Thunder is muttering all around although the sunshine is bright. The humidity is thick and the frogs seem to think a storm is imminent. I can hardly hear above the sounds of their croaking and the rustling of every leaf and branch. I am dithering over turning the computer off but have been so negligent over the school holidays that I am determined to write.

I picked up a pile of booklets while taking my turn to “person” the historical society’s open afternoon to try to get myself back into the swing of things. I shook my head the other day and not a single idea fell out so I knew that I had to get back to work.

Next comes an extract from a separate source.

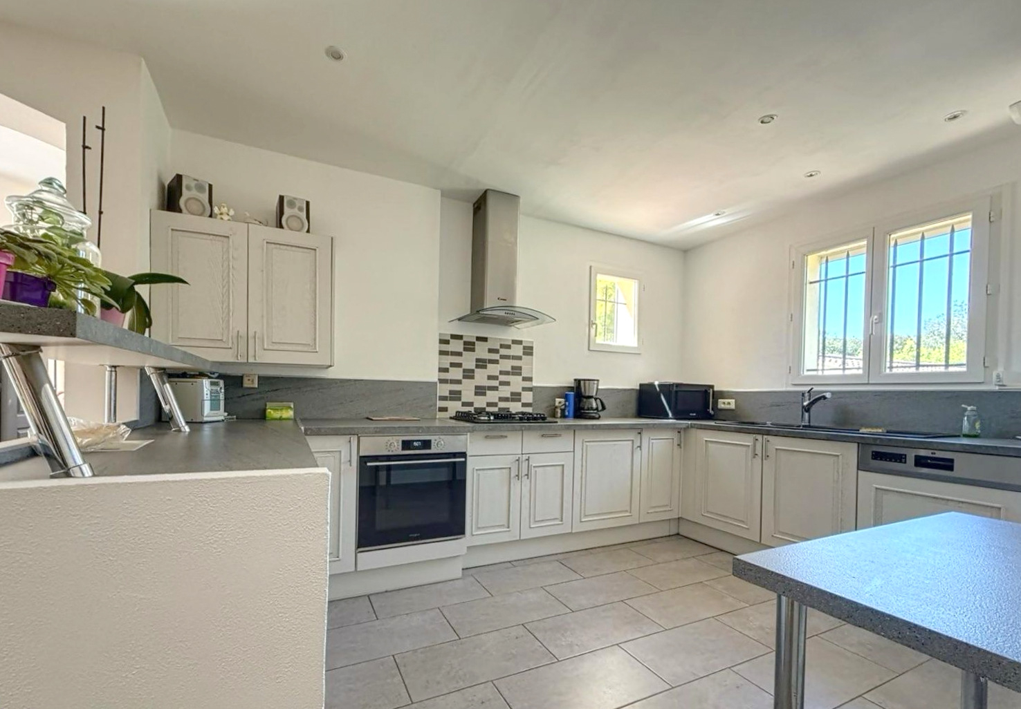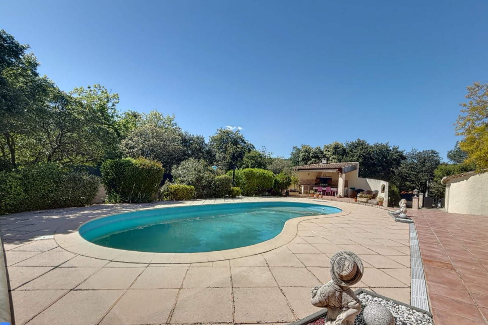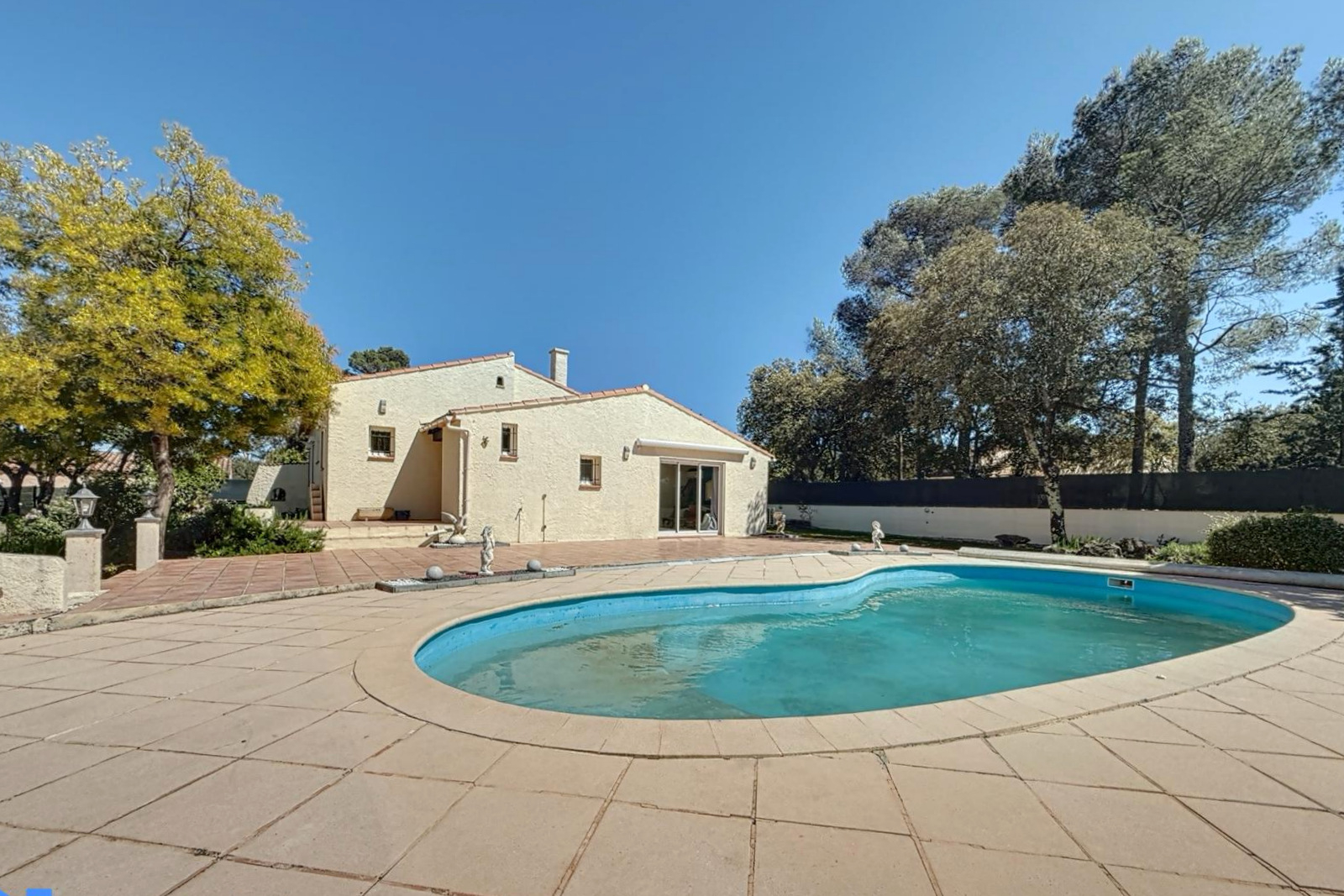 A vendre, en exclusivité avec vos agences SWEET HOME, sur la commune de Garéoult, dans un quartier recherché, au calme absolu, édifiée sur un superbe terrain de 1870m², aménagé, clos et arboré, villa de construction traditionnelle de 120 m², de plain pied, en parfait état et offrant des prestations actuelles, se composant d'une entrée, d'un salon, d'une cuisine ouverte sur séjour, de trois chambres dont une avec salle d'eau privative, d'une salle de bains et d'un wc indépendant. A l'extérieur vous y retrouverez un très bel espace piscine avec cuisine d'été et un double garage de 36m². Micro station d'épuration, vmc double flux, climatisation réversible, poêle à granules etc...

I have been thinking though about definitions and how easy it is to make mistakes when you are working from a different lexicon. When we moved to the country, several of the real estate advertisements mentioned that a property had “rural water.” I assumed that this was real-estate-speak for not having town water. I have since learnt that there are more sources of water than this girl dreamt of. There’s your plain vanilla reticulated water system, that is, you turn on the tap and water comes out that has been piped under pressure to your house from a central system. There’s tank water, which comes under the official category of a “private water supply.” That is you collect or “harvest” rainwater off your roof, store in tanks and use a pressure pump to send it into your house. Then there’s the aforementioned “rural water” which as far as I can tell is low pressure reticulated water. You have a tank that water from a town supply trickles into, you use a pump to get this up to full pressure and you supplement this with rainwater. There are other permutations like bores and springs. And there is an inventor who has designed a system to use a windmill to harvest water from the air. I’m waiting to see if this is ever commercially available.

I seem to have problems with the specific term “rural” either designating it as euphemistic or purely descriptive. My other mistake was to think that the phrase “rural school” simply meant a school in the country. Rural schools were vocational schools run in conjunction with the state school system. They taught girls home economics and some useful skills like typing. Boys learnt farming, blacksmithing, woodwork and other manly crafts. Rural school drew students from around the district for weekly classes. According to Frank Snars “Senior pupils at a rural school could choose to go on [to] the ordinary primary school course leading to Scholarship and secondary school, or spend part of their time doing manual training or domestic science subjects. Rural courses were free to pupils under 16 years…Evening classes were offered for a nominal fee for those who had left school.”

According to an eminent local resident, Marburg Rural School taught him all the useful things he uses in his life everyday and he regrets that these skills aren’t taught to the same degree today. The rural school at Marburg started in 1920 (the second in Queensland) with the goal of “providing educational links with a thriving agricultural community” until it burnt down as the result apparently of a careless cigarette in the sawdust pit.

The lessons I’ve learnt other than not throwing cigarettes into sawdust pits and that tertiary education is over-rated? Not to assume that I’m even on the same page as someone else, let alone using the same language. I should have learnt that one from my years in the States where I can assure you I did speak a foreign language.